WHAT YOU NEED TO DO:
Produce a verbatim copy of the data below that contains no pictures.

RECORDS TO PROCESS:
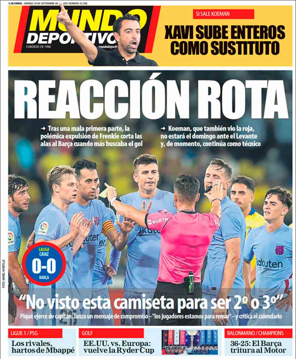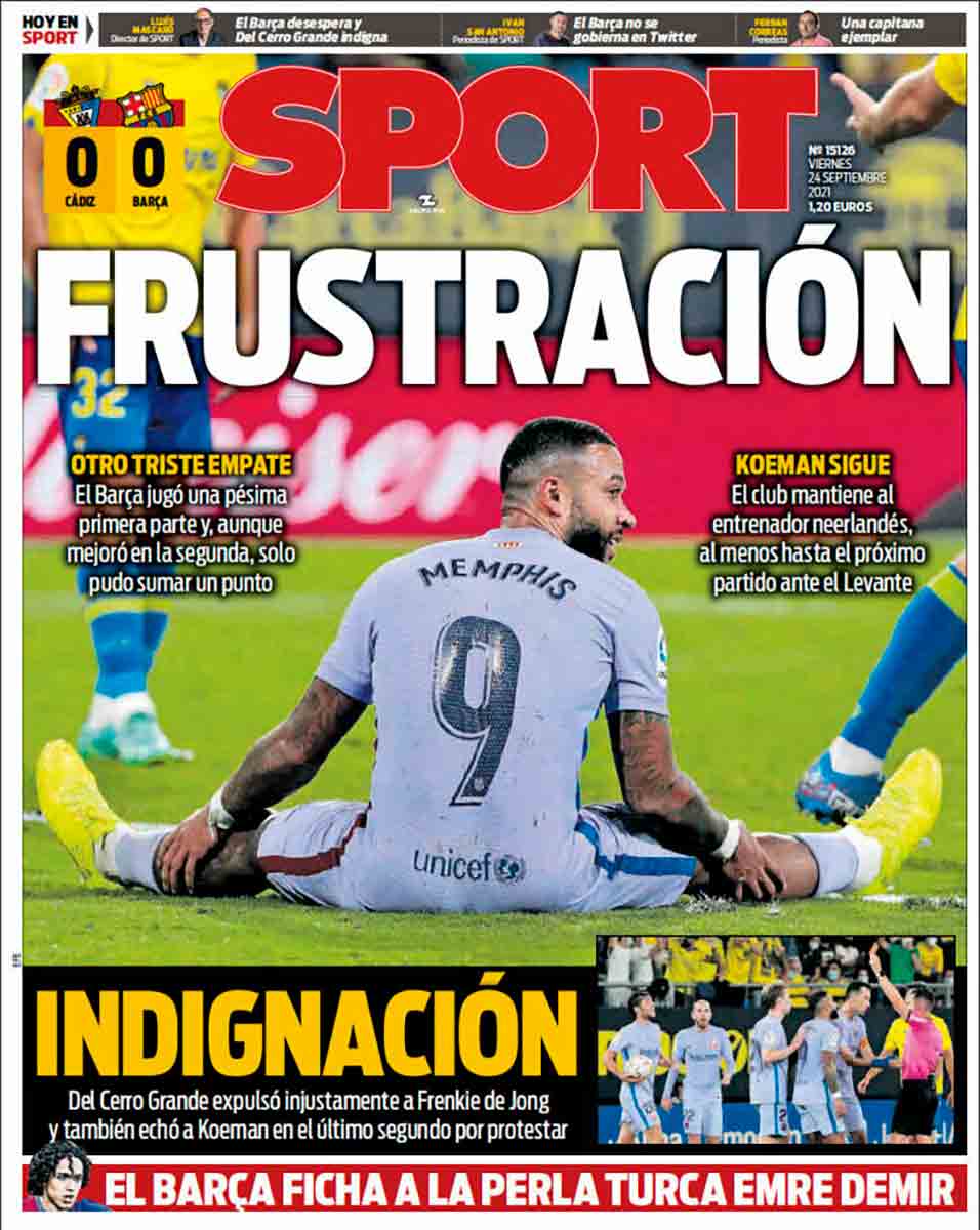 “Frustración” e “indignación” son las dos palabras que presiden la primera plana de Sport. “Frustración” un poco más grande que “Indignación”, hecho del cual tal vez discrepen algunos socis, más indignados que frustrados, y ante el cual acaso aplaudan todos aquellos aficionados culés cuyas almas estén más frustradas que indignadas. Habrá incluso quien esté solo frustrado o solo indignado, y a quienes esta portada, por tanto, habrá indignado hasta más allá de la frustración, si bien por razones opuestas, o habrá frustrado más allá de la indignación. Lo que tienen en común la indignación y la frustración es, básicamente, la mala leche que sirve como sustento a ambas, y que aparte de la falta de gol aquí procede al parecer de la expulsión injusta de Frenkie De Jong. Vaya esta expulsión injusta por todas las veces que alguien del Barça la mereció sin alcanzarla. La última vez que recibimos la noticia de la expulsión liguera de un jugador blaugrana estábamos de visita en el World Trade Center de Manhattan, y nos llamó al móvil nuestro hermano para darnos la buena nueva, dado que —a su vez— la anterior expulsión de un jugador blaugrana había tenido lugar bajo la presidencia de Adolfo Suárez.
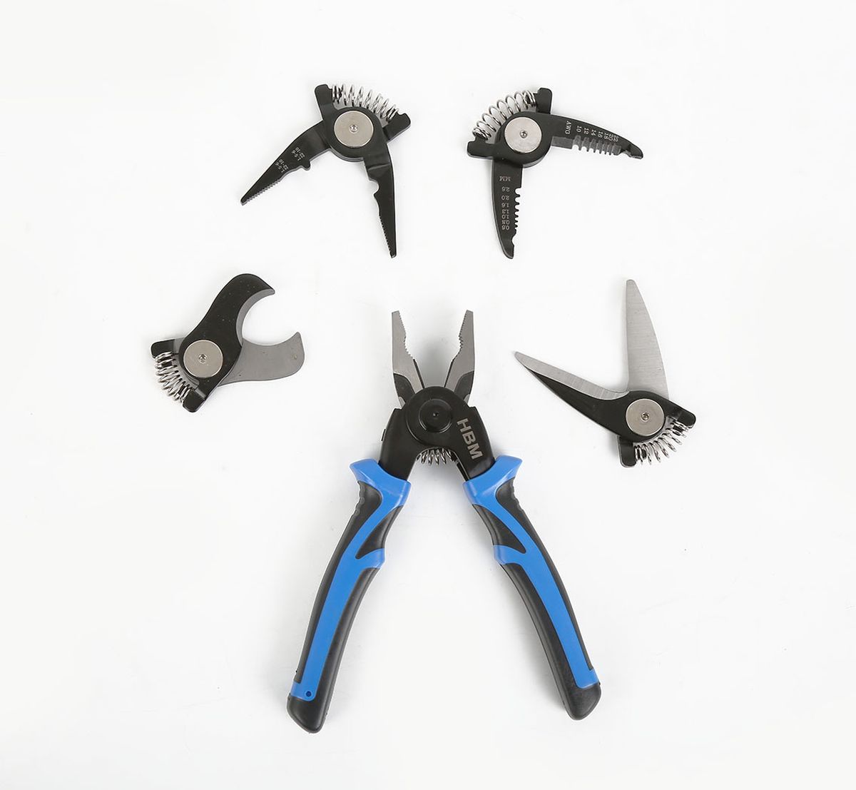 Ontdek de veelzijdigheid van de HBM 5-in-1 tang met verwisselbare kop. Deze unieke tang biedt vijf functionaliteiten in één handig gereedschap. Met hoogwaardige kwaliteitsonderdelen zoals carbon staal en 4CR13 legering, biedt het duurzaamheid en betrouwbaarheid voor al je klussen. Van kabelknippen en draad strippen tot krimpen en zelfs het gebruik van een schaar, deze tang is jouw alles-in-één oplossing. Met zijn verwisselbare kop ben je altijd klaar voor elke taak, waardoor dit gereedschap een onmisbare aanwinst is voor elke gereedschapskist.
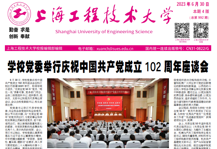6月30日,学校党委庆祝中国共产党成立102周年座谈会在松江校区行政楼B301举行。校领导班子成员,“光荣在党50年”党员、“两优一先”表彰对象,党务部门同志,全体二级党组织书记、组织委员、组织员,支部书记和党员代表等出席会议。会议由校党委副书记、校长俞涛主持。
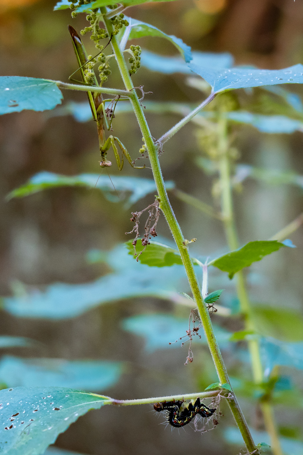 夕方散歩で裏山のカラムシの先の方にカマキリ(オオカマキリのオスかな?)がいた。撮影していると、下からフクラスズメの幼虫が登ってきたので、果たしてどうなることやら!? とカメラを構えて様子を見ていたところ、フクラスズメは葉っぱの方に進み始めた。
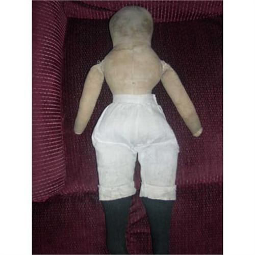 Early homemade Cloth doll. As is with very loved face no features, cotton stuffed with old pantloons. She is from a smoke free environment. Buyer to pay $15 for shipping, isurance and handing. Thanks for viewing.
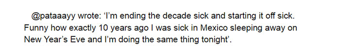 6 @pataaayy wrote: ‘I’m ending the decade sick and starting it off sick. Funny how exactly 10 years ago I was sick in Mexico sleeping away on New Year’s Eve and I’m doing the same thing tonight’.
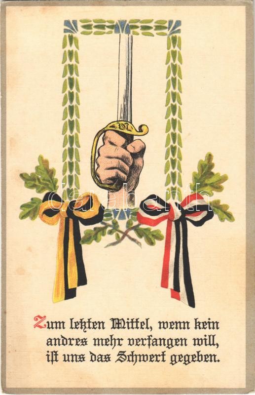 Zum letzten Mittel, wenn kein andres mehr verfangen will ist uns das Schwert gegeben / WWI German and Austro-Hungarian K.u.K. military art postcard, Viribus Unitis, patriotic propaganda with ribbons and sword (fl)
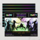 Com dançarinos silhuetados sob luzes vibrantes e brilhantes, em um fundo preto simples. Estes convites de festa glow são uma ótima escolha para qualquer festa de dança uv. Personalize as informações do seu evento como quiser, mas por favor note que as palavras brilhantes nas laterais no topo "FESTA GLOW" são imagens criadas e não são personalizáveis. Todos os meus designs são © Novastorm Designs

REPLY:
 “Frustración” e “indignación” son las dos palabras que presiden la primera plana de Sport. “Frustración” un poco más grande que “Indignación”, hecho del cual tal vez discrepen algunos socis, más indignados que frustrados, y ante el cual acaso aplaudan todos aquellos aficionados culés cuyas almas estén más frustradas que indignadas. Habrá incluso quien esté solo frustrado o solo indignado, y a quienes esta portada, por tanto, habrá indignado hasta más allá de la frustración, si bien por razones opuestas, o habrá frustrado más allá de la indignación. Lo que tienen en común la indignación y la frustración es, básicamente, la mala leche que sirve como sustento a ambas, y que aparte de la falta de gol aquí procede al parecer de la expulsión injusta de Frenkie De Jong. Vaya esta expulsión injusta por todas las veces que alguien del Barça la mereció sin alcanzarla. La última vez que recibimos la noticia de la expulsión liguera de un jugador blaugrana estábamos de visita en el World Trade Center de Manhattan, y nos llamó al móvil nuestro hermano para darnos la buena nueva, dado que —a su vez— la anterior expulsión de un jugador blaugrana había tenido lugar bajo la presidencia de Adolfo Suárez.
 Ontdek de veelzijdigheid van de HBM 5-in-1 tang met verwisselbare kop. Deze unieke tang biedt vijf functionaliteiten in één handig gereedschap. Met hoogwaardige kwaliteitsonderdelen zoals carbon staal en 4CR13 legering, biedt het duurzaamheid en betrouwbaarheid voor al je klussen. Van kabelknippen en draad strippen tot krimpen en zelfs het gebruik van een schaar, deze tang is jouw alles-in-één oplossing. Met zijn verwisselbare kop ben je altijd klaar voor elke taak, waardoor dit gereedschap een onmisbare aanwinst is voor elke gereedschapskist.
6月30日,学校党委庆祝中国共产党成立102周年座谈会在松江校区行政楼B301举行。校领导班子成员,“光荣在党50年”党员、“两优一先”表彰对象,党务部门同志,全体二级党组织书记、组织委员、组织员,支部书记和党员代表等出席会议。会议由校党委副书记、校长俞涛主持。
 夕方散歩で裏山のカラムシの先の方にカマキリ(オオカマキリのオスかな?)がいた。撮影していると、下からフクラスズメの幼虫が登ってきたので、果たしてどうなることやら!? とカメラを構えて様子を見ていたところ、フクラスズメは葉っぱの方に進み始めた。
 Early homemade Cloth doll. As is with very loved face no features, cotton stuffed with old pantloons. She is from a smoke free environment. Buyer to pay $15 for shipping, isurance and handing. Thanks for viewing.
 6 @pataaayy wrote: ‘I’m ending the decade sick and starting it off sick. Funny how exactly 10 years ago I was sick in Mexico sleeping away on New Year’s Eve and I’m doing the same thing tonight’.
 Zum letzten Mittel, wenn kein andres mehr verfangen will ist uns das Schwert gegeben / WWI German and Austro-Hungarian K.u.K. military art postcard, Viribus Unitis, patriotic propaganda with ribbons and sword (fl)
 Com dançarinos silhuetados sob luzes vibrantes e brilhantes, em um fundo preto simples. Estes convites de festa glow são uma ótima escolha para qualquer festa de dança uv. Personalize as informações do seu evento como quiser, mas por favor note que as palavras brilhantes nas laterais no topo "FESTA GLOW" são imagens criadas e não são personalizáveis. Todos os meus designs são © Novastorm Designs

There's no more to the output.